Do you have a code for doing the same in R studio, I've been trying to built a Seurat object with public available data, using the counts, position and images, with no success. Thanks
Sorry :( only code for this in python atm. What step specifically are you having trouble with? The initial loading of the data?
Hi Sam, do you have a video of how you’re downloading the data from NCBI (papers) because that part I don’t understand.

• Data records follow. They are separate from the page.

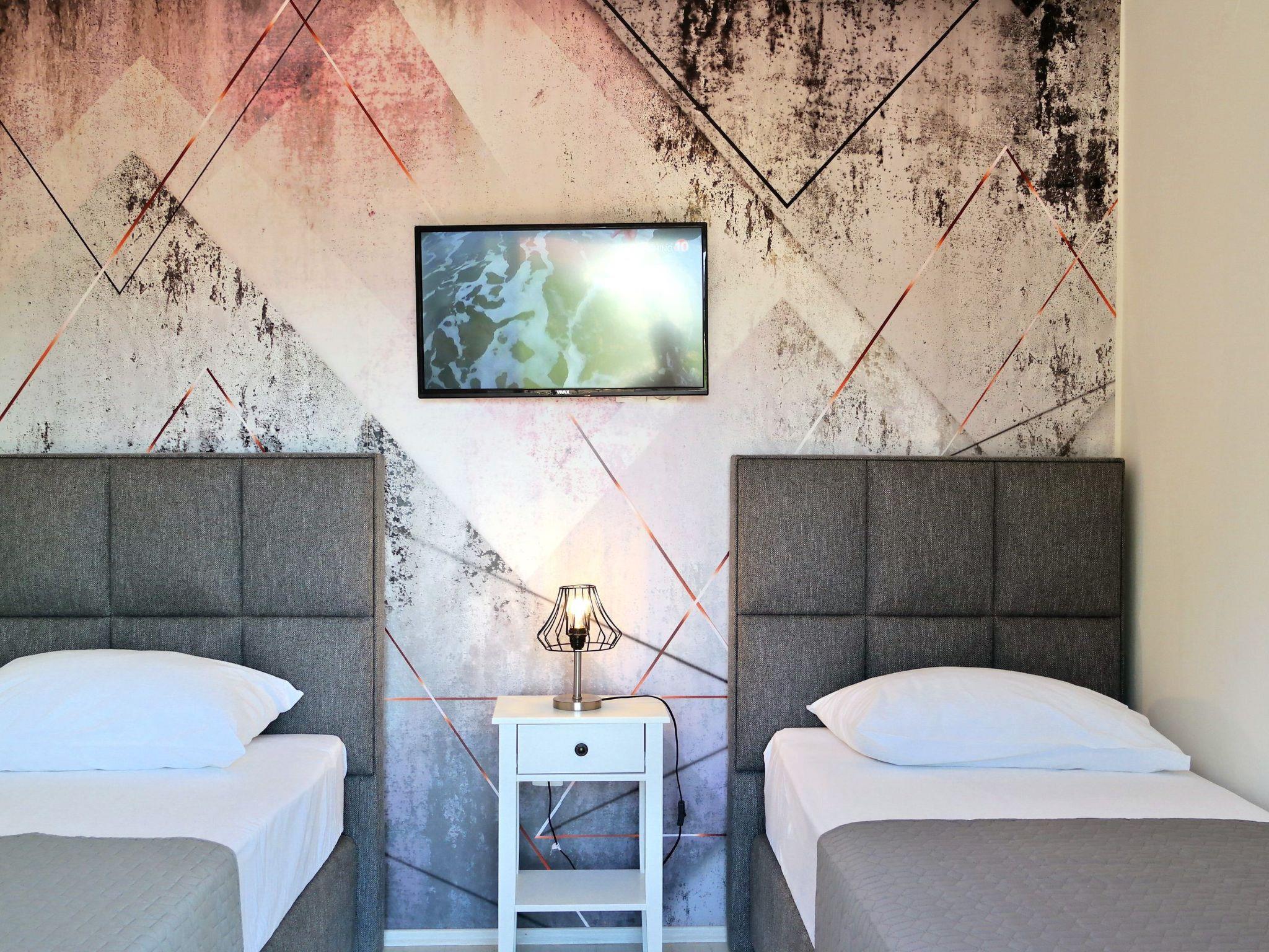 • Bedroom 2: Two single beds (90x200 cm), satellite TV, air-conditioning, and access to the balcony.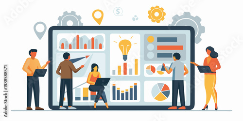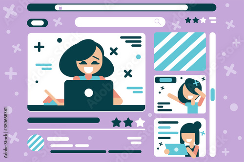 E-commerce and online shopping, vector illustration. Huge laptop and micro male and female characters buying clothes on the internet. Online payment, delivery services composition for website page etc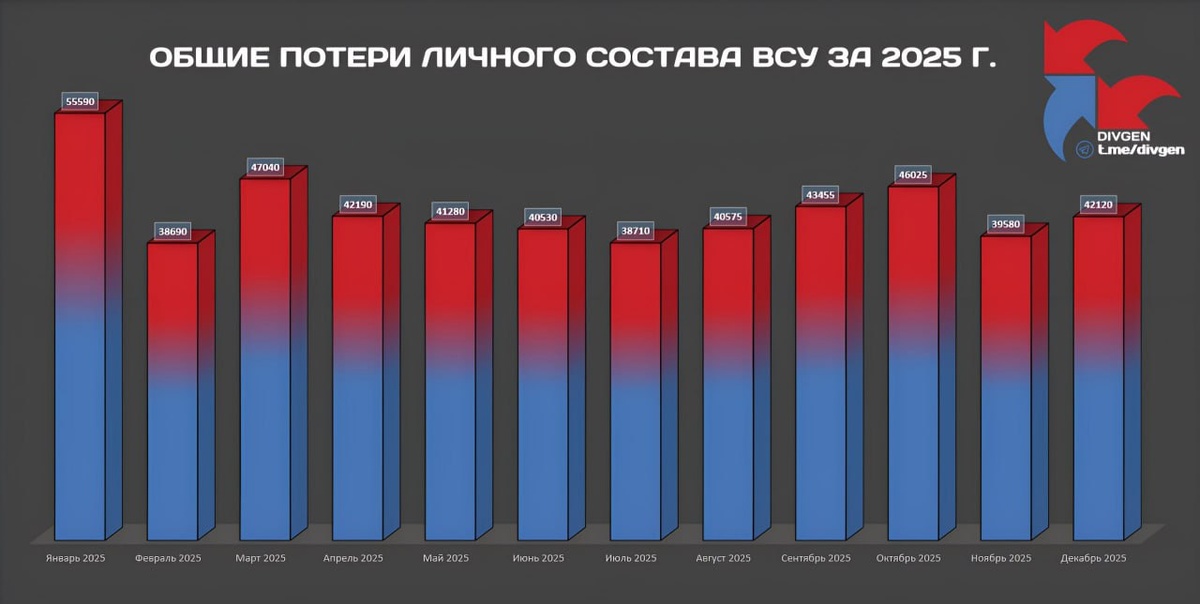 Министерство обороны отражает в сводках приблизительные потери противника только на линии боевого соприкосновения, не считая военнослужащих, погибших в результате применения российского высокоточного оружия большой дальности и авиации в глубине украинской территории. Общие потери личного состава Вооружённых сил Украины за декабрь 2025 года по сводкам МО РФ составили 42120 человек. 🌐 За Русский Мир©Резервный📣Наш Чат✔️Подпишись‼️

I don't have a video. But I tweet about it sometimes if you follow me on twitter. I may make something like this in the future. You can check out my most recent video series for another example from a different dataset
great video, I learn a lot. But i was wondering what device you use? I did the same analysis but i could load the model because im out of memory.
this computer has 128 gb memory. But you can try the analysis with fewer samples if you want to follow along still
Dear sanbomic! I am wondering what is your first options for gene regulatory network analysis? when you have only single cell rna seq data or also have single cell ATAC data!!
I like scenic and scenic+ if you have paired ATAC data. Scenic and cell oracle are also good choices.
@@sanbomics Thank you so much
Thank you, very usefull !
thank you for the nice video, regarding to the part for making the cell typ fraction plot (form this part of the code till end of this part: adata.obs.groupby(['sample']).count()) may you also please explain how to do it in R with the Seurat objecet? thanks
Your older videos are also very helpful. Thank you for everything
They never got much love though xD
Hi! thanks for this! just wondering if you have tried comparing results of CellOracle from SCENIC?
I haven't, but there is someone in the lab working on that at the moment.
Hello I'm use Star to align rna .fq using --quantmode when i cat ReadPerGene.out.tap it's indicate that my read only map to rRNAs ncRNA but when i check in IGV it shown that my reads mapped to coding gene ,how do i fix this I'm trying to use ReadPerGene.out.tab to further analysis.
Hi! Im memory limited, so I can only load in my dataset using the backed = 'r' option. How would I subset in this scenario?
I avoid backed at all costs haha. I know I have had to do this before.. but it is so infrequent that I don't remember how off the top of my head and I don't remember where I can find an example. Hope you figured it out, sorry for slow response
Not sure if the DeseqDataSet parameters have changed since this tutorial but I had to change clinical to metadata when running: dds = DeseqDataSet( counts = counts, metadata=pb.obs, design_factors="tumour")
Yup its changed a lot. I'll be remaking it soon!
there is no complex heat map package
haii may I know if it runs .tsv file?
if you import the tsv first as a pandas dataframe
Could you please help how to make a violin plot using AUCell package like you did for dimplot?
Your tutorials are always incredibly helpful! Do you have a scripts that implements UMAP to spatial transition animation for the Xenium dataset? We have a beautiful new dataset that can share. sqiuatarizonadotedu. Thanks so much.
Hey! Could you please explain what these computed counts are?
Men U R a real hero
No you are the real hero! (The Boys reference)
Very cool video! Could you please tell us how to do something similar to your introduction with the umap transforming to the logo??
I have the video where I turn my cat into a UMAP. Let me know if that helps, if not, I can maybe post the code.
my name is zeinab bahari . you can find me in research gat... i need help in rna seq data analysis
If you need help you can check out sanbomics.com
Hi.thanks for your good video.how can acsess to you dr. i need some emergenecy help in my data analysis.. please help me
Hi, you can reach me through sanbomics.com
Im not a scientist. I came here from cancer research. I gave it a thumbs up. Clear and informational.
Is there a reason you used CellTypist before integration? It means that the overclustering done by CellTypist is different to the overclustering done post-integration when annotating (which is making annotation a bit confusing in my case)
You can do it after depending on how many cells you have. With this many cells it becomes almost impossible because it requires a dense matrix.